Closed jlcsmith closed 3 years ago

jlcsmith commented 3 years ago

What does this PR do?

https://github.com/codice/ddf/pull/6637 added more extensive support for audit logging of client information. However, it didn't take into account the scenario where a proxy sits in front of DDF. In this setup, the "client" information logged is that of the proxy rather than the actual client. This PR adds support for the X-FORWARDED-* HTTP headers which are typically set by a proxy to pass the actual client information.

Who is reviewing it?

@glenhein @derekwilhelm

Select relevant component teams:

@codice/security

How should this be tested?

Setup

Build and install the standard profile add the UI features (this requires updating ddf-ui to point to this SNAPSHOT version of DDF and building that branch) enable web sockets in the Catalog UI config

Test non-proxied requests

Sanity check that normal, non-proxied requests (searches, downloads, etc) still create audit log entries with the client IP and Port. Client IP should be 127.0.0.1 since you are running this locally.

Test proxied HTTPS requests

Using postman (or a similar tool), send a request to DDF with the following HTTP headers set: x-forwarded-for = <some non local IP address> x-forwarded-port = <a port address>

Verify that the audit logs for the request use the IP/port in the "forwarded" headers rather than your localhost address

Test proxied websocket requests

Using postman (or a similar tool), create a websocket request to wss://localhost:8993/search/catalog/ws with the following additional headers specified: Authorization: <basic auth value> Cookie: <you need to copy the jsession ID from an Intrigue session using the network tools. Ask me for details> Host: localhost:8993 Origin: https://localhost:8993 x-forwarded-for = <some non local IP address> x-forwarded-port = <a port address>

Verify that the audit logs for the request use the IP/port in the "forwarded" headers rather than your localhost address

Any background context you want to provide?

What are the relevant tickets?

Fixes: #6636

Screenshots

Checklist:

Notes on Review Process

Please see Notes on Review Process for further guidance on requirements for merging and abbreviated reviews.

Review Comment Legend:

jlcsmith commented 3 years ago

build now

cxddfbot commented 3 years ago

Internal build has been started, your results will be available at build completion.

cxddfbot commented 3 years ago

Build FAILURE See the job results in legacy Jenkins UI or in Blue Ocean UI.

cxddfbot commented 3 years ago

Internal build has been started, your results will be available at build completion.

cxddfbot commented 3 years ago

Build SUCCESS See the job results in legacy Jenkins UI or in Blue Ocean UI.

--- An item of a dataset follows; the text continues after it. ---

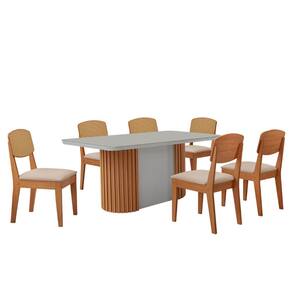 Mesa de Jantar Aspen 180cm Tampo MDF Vidro com 6 Cadeiras Copper Premium Moderna Mobília - Bege Claro

cxddfbot commented 3 years ago

Internal build has been started, your results will be available at build completion.

cxddfbot commented 3 years ago

Build SUCCESS See the job results in legacy Jenkins UI or in Blue Ocean UI.

derekwilhelm commented 3 years ago

🎉 Hero Successful 🎉 Attempted the normal setup first using both websockets and without to verify that the client IP and port were being logged as before. Then, I added the x-forwarded-for and x-forwarded-port headers and verified that the provided values were logged instead for both websockets and normal requests.